## Your goal
Since pictures are not part of the copy, please output only the lines from the one with "woman, blue eyes, late" through the end of the data below, exactly as written.

## Given material

────────────────────────────────────────

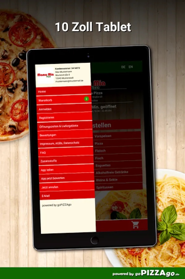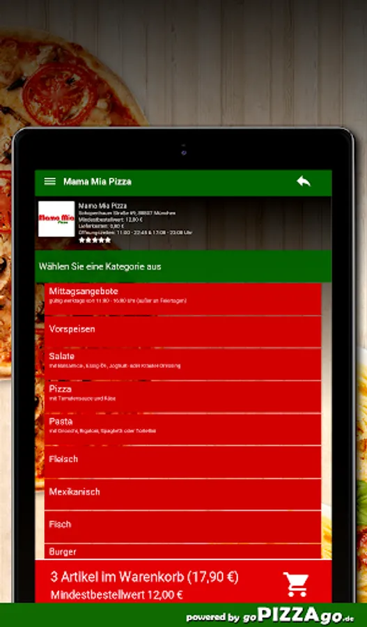 You can order and pay for a great selection of aromatic food online from our Mama Mia Pizza delivery service. Choose from a range of 121 freshly prepared dishes such as Mama Mia salad for 6.20 euros or chef's salad for 5.50 euros. The delicious offers for lunch break: Menu 6, Menu 4, Menu 2, Menu 1, Menu 5, Menu 3. For dessert we offer: Ben & Jerry's, Tiramisu, Greek yoghurt. We also deliver soft drinks to you. We have Mezzo Mix 1.0l, Coca-Cola light 1.0l, mineral water 1.0l, apple juice 0.7l, Fanta 1.0l in our offer
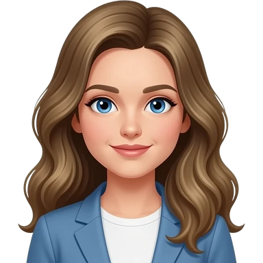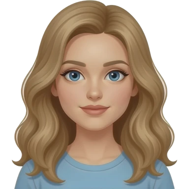 woman, blue eyes, late twenties, dark blonde hair, long wavy hair emoji
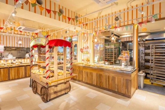 焼きたてのパンが目の前に並び、お客様と直接会話ができるオープンな設計。グッズ展開やファミリー向けの可愛らしい空間など、「また来たくなる」仕掛けが詰まったお店です。

────────────────────────────────────────

## Worked solution
 woman, blue eyes, late twenties, dark blonde hair, long wavy hair emoji
 焼きたてのパンが目の前に並び、お客様と直接会話ができるオープンな設計。グッズ展開やファミリー向けの可愛らしい空間など、「また来たくなる」仕掛けが詰まったお店です。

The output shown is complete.